What you have to do
Keep every word of the listing and drop the images when you write it out.

Dataset content
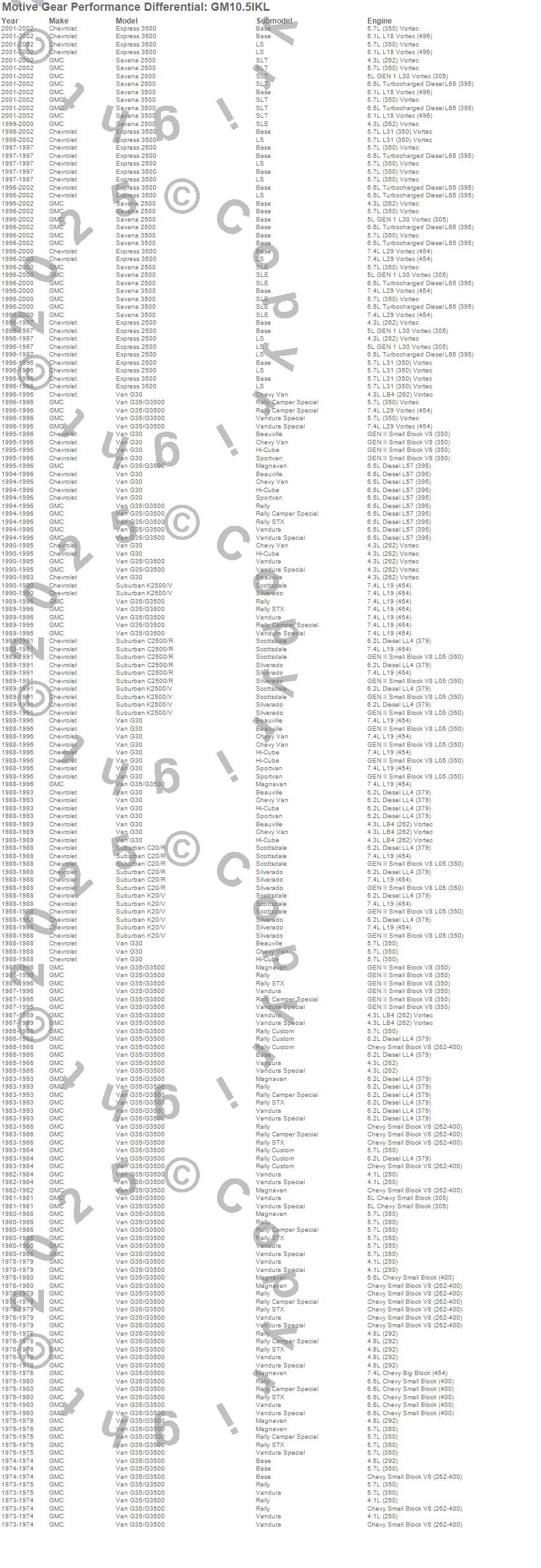 Below is an abreviated list of applications for the Ring And Pinion Installation Kit.
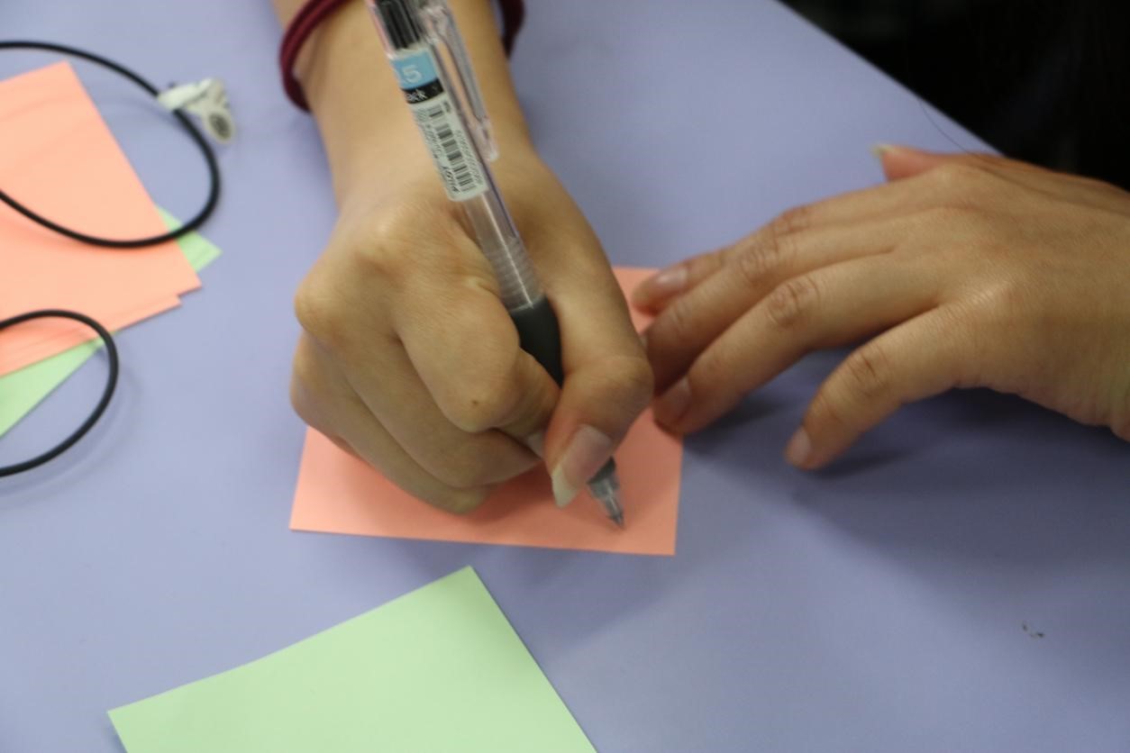 随后每一位同学都在便签纸上写下了自己的大学奋斗目标并以此勉励自己。
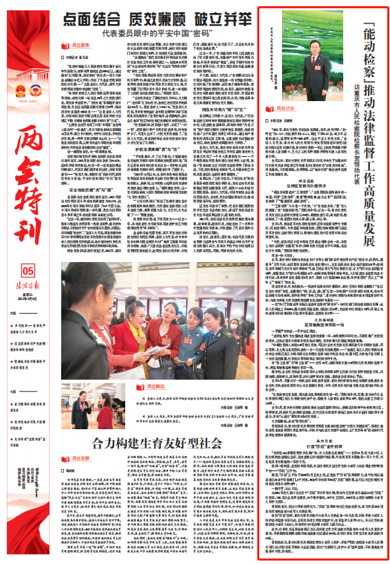 2022年3月8日,《法治日报》第5版“两会特刊”专版刊登《“能动检察”推动法律监督工作高质量发展——访卡提诺论坛 检察长贺恒扬代表》一文,内容如下:

Result
 Below is an abreviated list of applications for the Ring And Pinion Installation Kit.
 随后每一位同学都在便签纸上写下了自己的大学奋斗目标并以此勉励自己。
 2022年3月8日,《法治日报》第5版“两会特刊”专版刊登《“能动检察”推动法律监督工作高质量发展——访卡提诺论坛 检察长贺恒扬代表》一文,内容如下:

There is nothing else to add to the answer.